“Peck, I have come to ask you about your absence from town on Saturday,” he began.

Duncan threw a look of dismay at his chum. “My absence from town!” he exclaimed, striving to appear wholly surprised, yet conscious of a traitorous blush suffusing his cheeks and a well-nigh irresistible inclination to avoid the instructor’s stern eye.

“Yes, from town,” repeated Mr. Alsop, with slow and distinct emphasis.

“I don’t know what you mean, sir,” said Duncan.

It would have been an interesting problem for a mediæval casuist to determine the moral character of this statement; whether a black lie, a white lie, or no lie at all.
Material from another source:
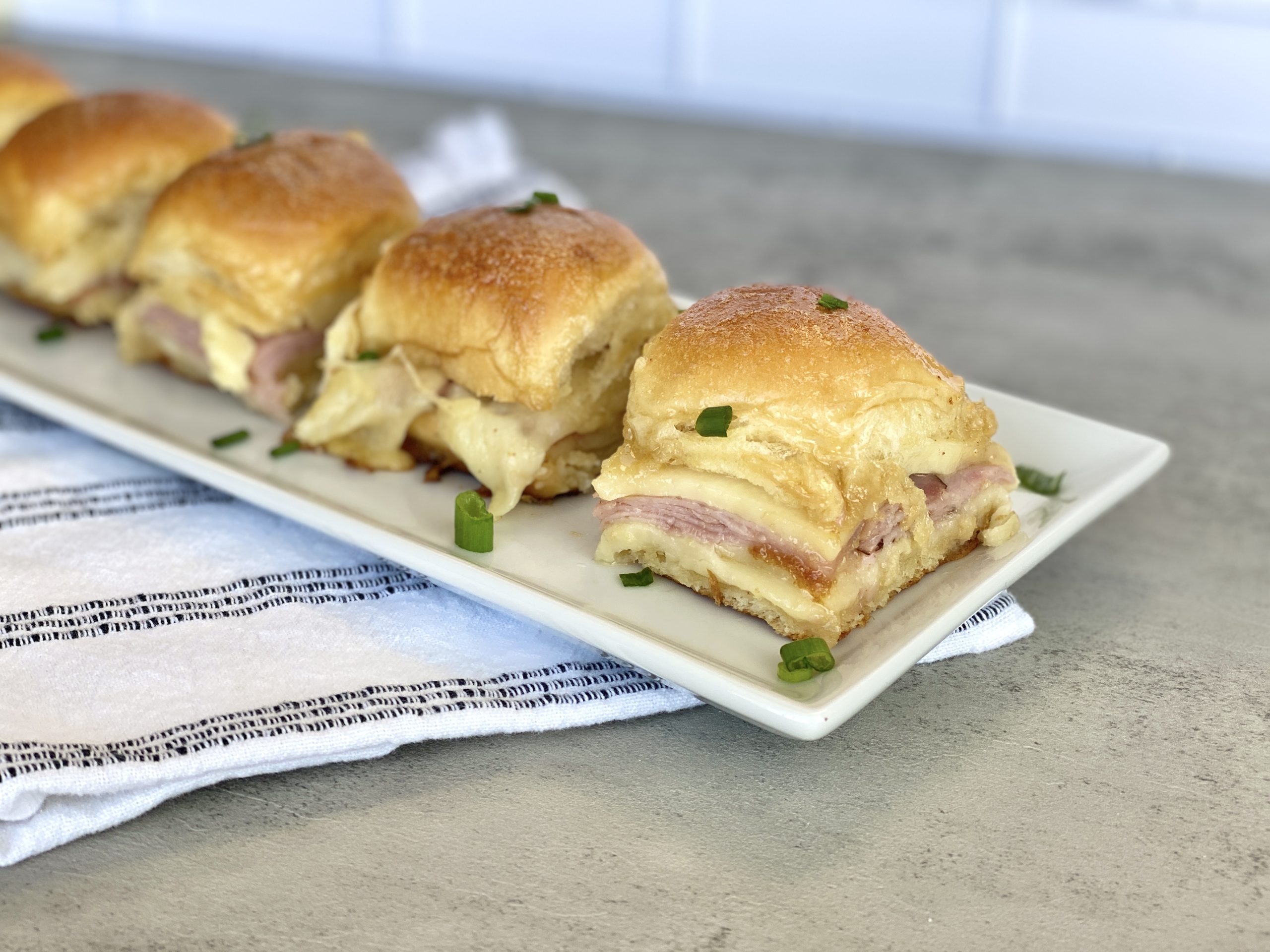 Top with a layer of cheddar cheese, then a layer of ham, and one last layer of cheddar cheese

Duncan used it merely as a means of drawing the teacher out. He suspected that he knew only too well what the instructor meant. Yet, as a fact, he knew nothing. Mr. Alsop recognized it at once as the first of the expected chain of falsehoods, and sharpened his wits to detect its successor.

“Where were you on Saturday afternoon?”

“Knocking around,” answered Peck, vaguely, sure now that he saw Mr. Alsop’s meaning, and wondering how he had been found out.

“Were you out of town?”

Duncan was silent.

“Where were you in the evening?” went on the inquisitor, triumphantly. The weak line of defence was already breaking.